--- Given entries Enclosed Below ---
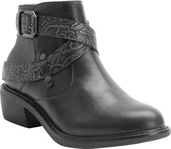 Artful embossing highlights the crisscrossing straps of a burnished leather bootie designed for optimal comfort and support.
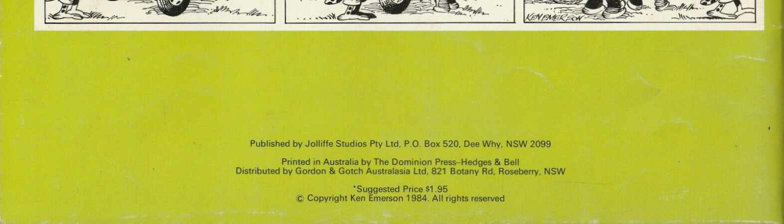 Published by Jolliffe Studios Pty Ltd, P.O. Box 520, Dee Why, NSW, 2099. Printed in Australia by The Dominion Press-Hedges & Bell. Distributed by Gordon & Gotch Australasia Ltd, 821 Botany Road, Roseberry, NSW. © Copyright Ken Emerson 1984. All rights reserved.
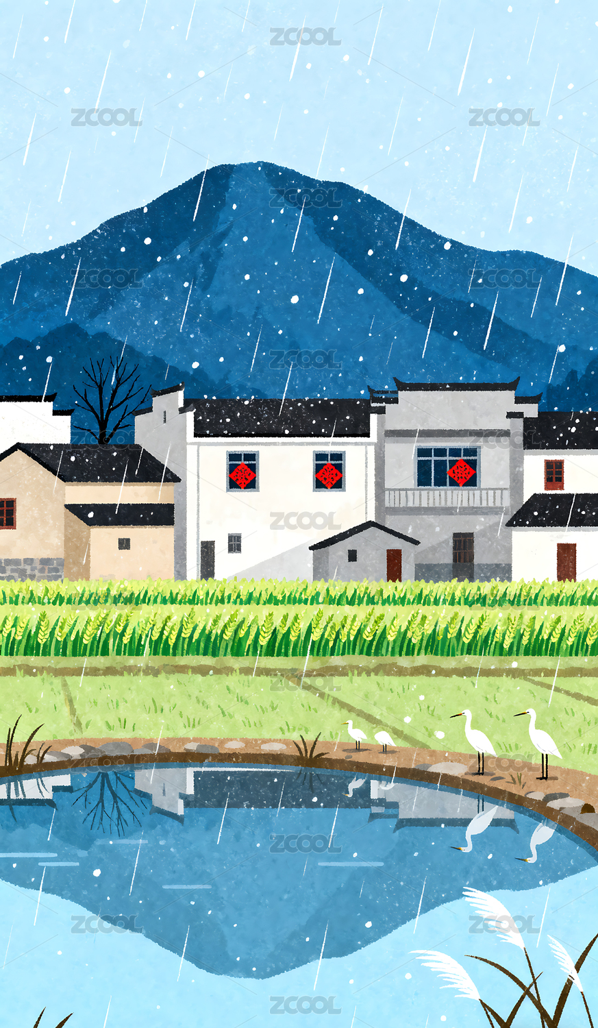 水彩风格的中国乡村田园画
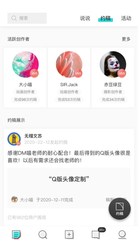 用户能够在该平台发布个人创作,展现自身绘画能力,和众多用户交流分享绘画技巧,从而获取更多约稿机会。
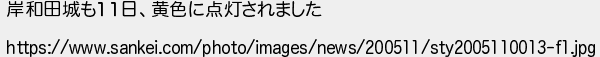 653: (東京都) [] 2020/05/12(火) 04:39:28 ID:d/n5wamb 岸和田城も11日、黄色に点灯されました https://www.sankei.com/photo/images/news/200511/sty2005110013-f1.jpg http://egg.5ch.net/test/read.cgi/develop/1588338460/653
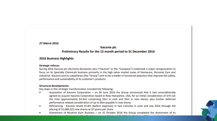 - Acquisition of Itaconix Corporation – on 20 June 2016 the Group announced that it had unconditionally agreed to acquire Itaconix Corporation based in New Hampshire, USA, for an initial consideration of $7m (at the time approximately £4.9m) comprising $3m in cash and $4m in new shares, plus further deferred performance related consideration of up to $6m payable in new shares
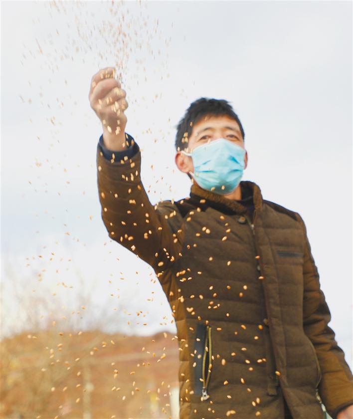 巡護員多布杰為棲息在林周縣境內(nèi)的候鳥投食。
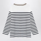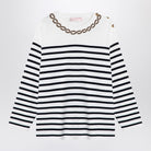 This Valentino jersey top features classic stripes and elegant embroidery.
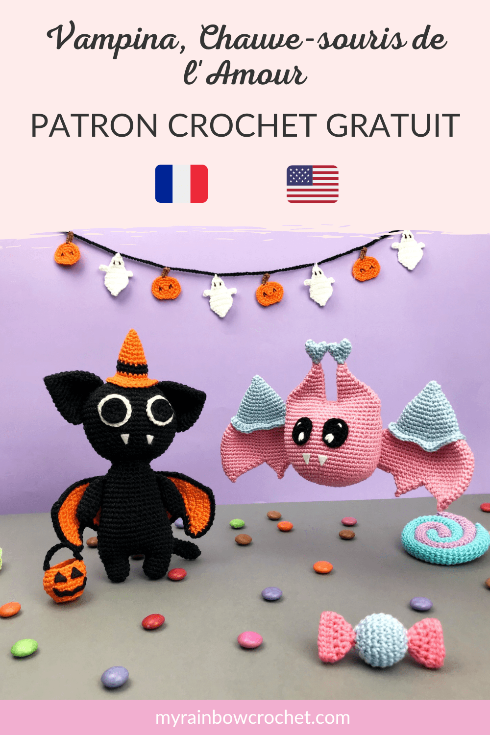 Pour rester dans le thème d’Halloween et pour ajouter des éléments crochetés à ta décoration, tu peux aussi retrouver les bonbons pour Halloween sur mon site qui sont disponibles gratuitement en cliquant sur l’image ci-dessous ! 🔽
--- End of Enclosed Given entries ---
--- Given entries Enclosed Below ---
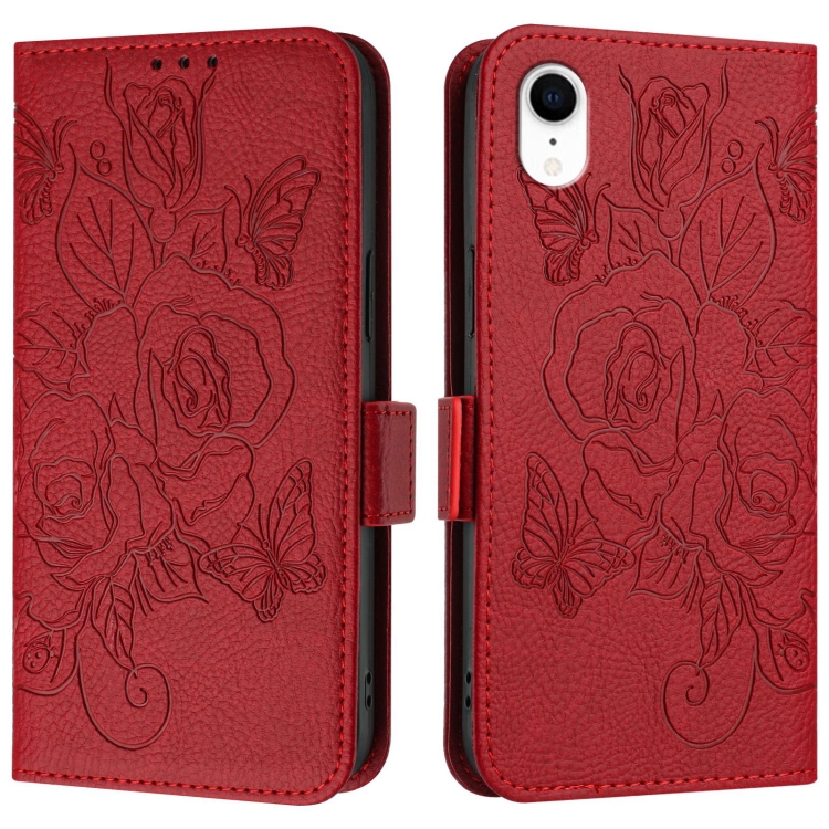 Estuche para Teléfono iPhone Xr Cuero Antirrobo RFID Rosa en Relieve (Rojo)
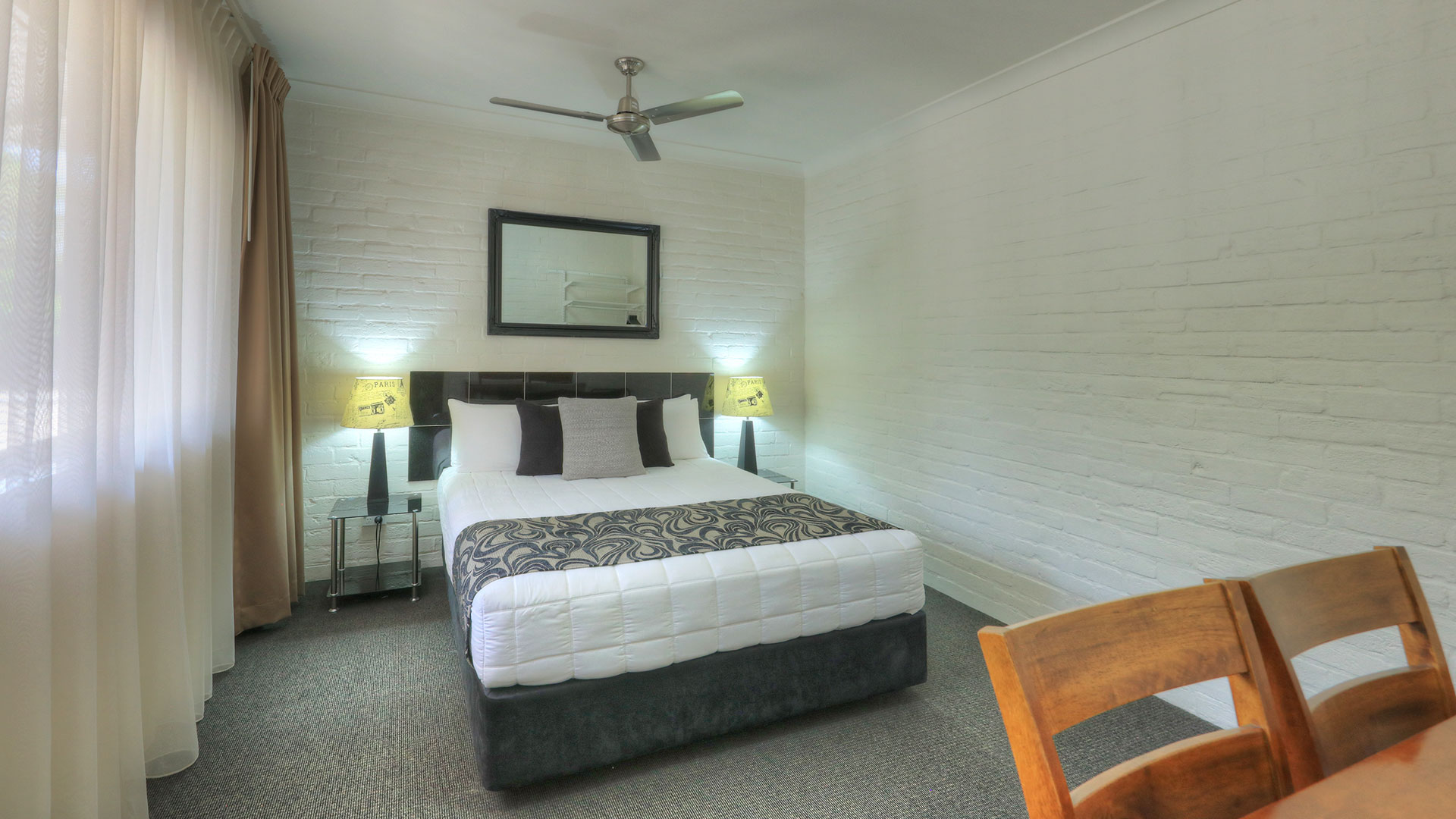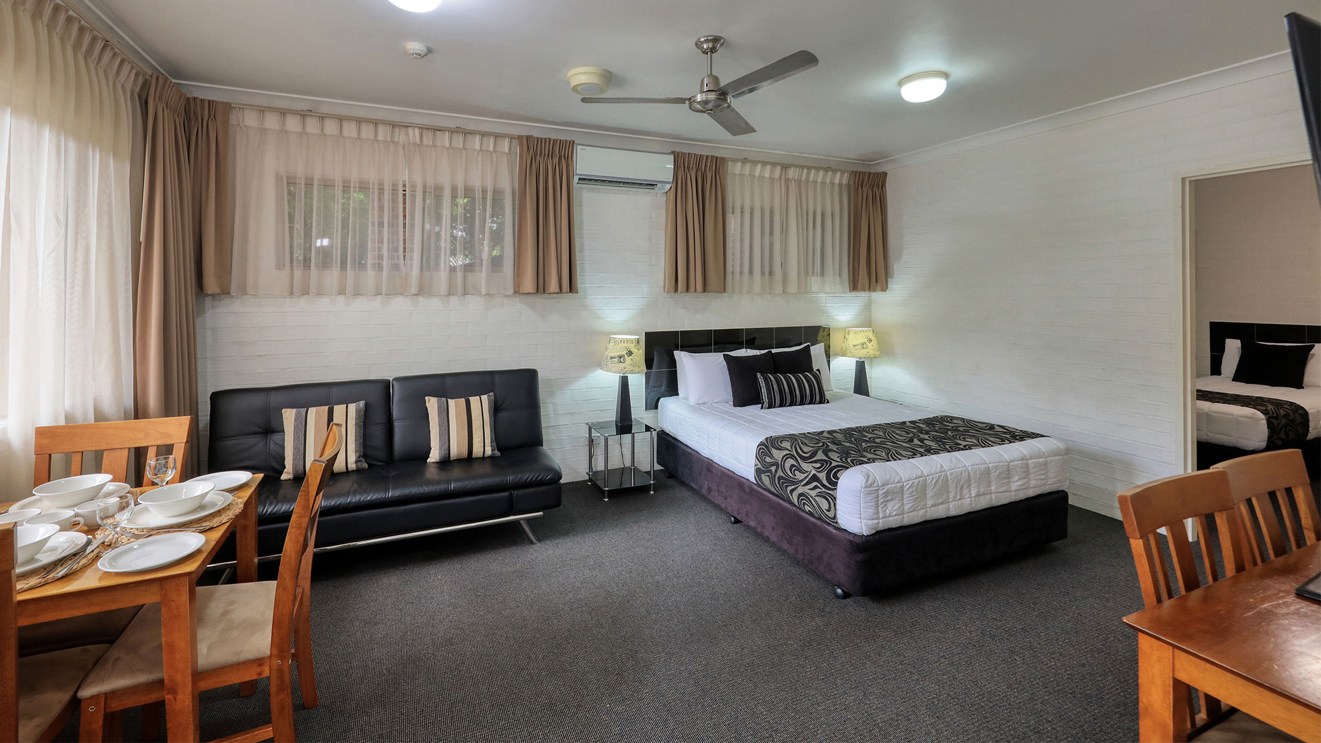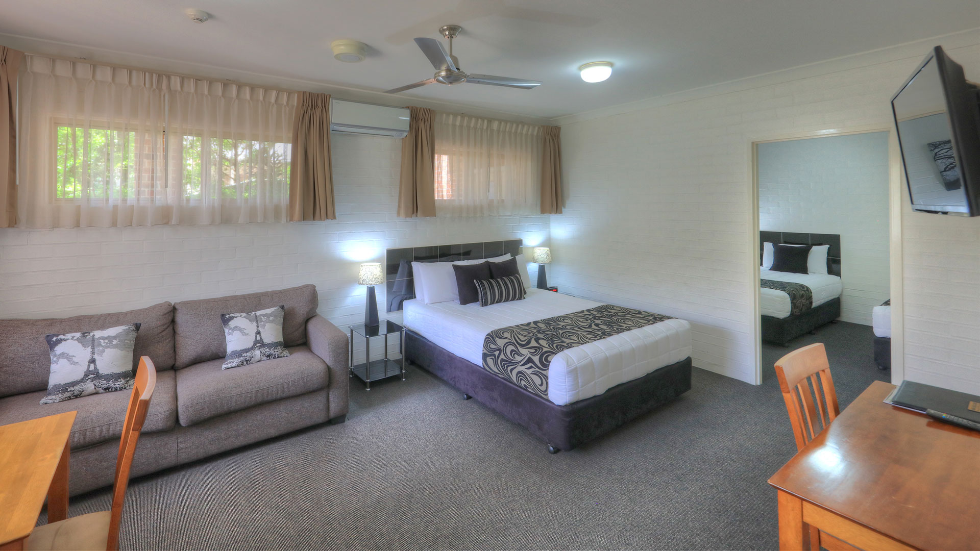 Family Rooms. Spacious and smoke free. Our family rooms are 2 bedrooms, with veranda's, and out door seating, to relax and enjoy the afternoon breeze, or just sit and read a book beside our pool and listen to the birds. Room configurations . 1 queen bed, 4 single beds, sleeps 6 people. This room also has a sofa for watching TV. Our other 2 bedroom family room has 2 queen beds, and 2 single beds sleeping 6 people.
--- End of Enclosed Given entries ---
Leave the pictures out. Output, exactly, the lines of the material above starting at the line containing "Artful embossing highlights" and ending at the line containing "Pour rester dans".

> **Exercise solution**:
 Artful embossing highlights the crisscrossing straps of a burnished leather bootie designed for optimal comfort and support.
 Published by Jolliffe Studios Pty Ltd, P.O. Box 520, Dee Why, NSW, 2099. Printed in Australia by The Dominion Press-Hedges & Bell. Distributed by Gordon & Gotch Australasia Ltd, 821 Botany Road, Roseberry, NSW. © Copyright Ken Emerson 1984. All rights reserved.
 水彩风格的中国乡村田园画
 用户能够在该平台发布个人创作,展现自身绘画能力,和众多用户交流分享绘画技巧,从而获取更多约稿机会。
 653: (東京都) [] 2020/05/12(火) 04:39:28 ID:d/n5wamb 岸和田城も11日、黄色に点灯されました https://www.sankei.com/photo/images/news/200511/sty2005110013-f1.jpg http://egg.5ch.net/test/read.cgi/develop/1588338460/653
 - Acquisition of Itaconix Corporation – on 20 June 2016 the Group announced that it had unconditionally agreed to acquire Itaconix Corporation based in New Hampshire, USA, for an initial consideration of $7m (at the time approximately £4.9m) comprising $3m in cash and $4m in new shares, plus further deferred performance related consideration of up to $6m payable in new shares
 巡護員多布杰為棲息在林周縣境內(nèi)的候鳥投食。
 This Valentino jersey top features classic stripes and elegant embroidery.
 Pour rester dans le thème d’Halloween et pour ajouter des éléments crochetés à ta décoration, tu peux aussi retrouver les bonbons pour Halloween sur mon site qui sont disponibles gratuitement en cliquant sur l’image ci-dessous ! 🔽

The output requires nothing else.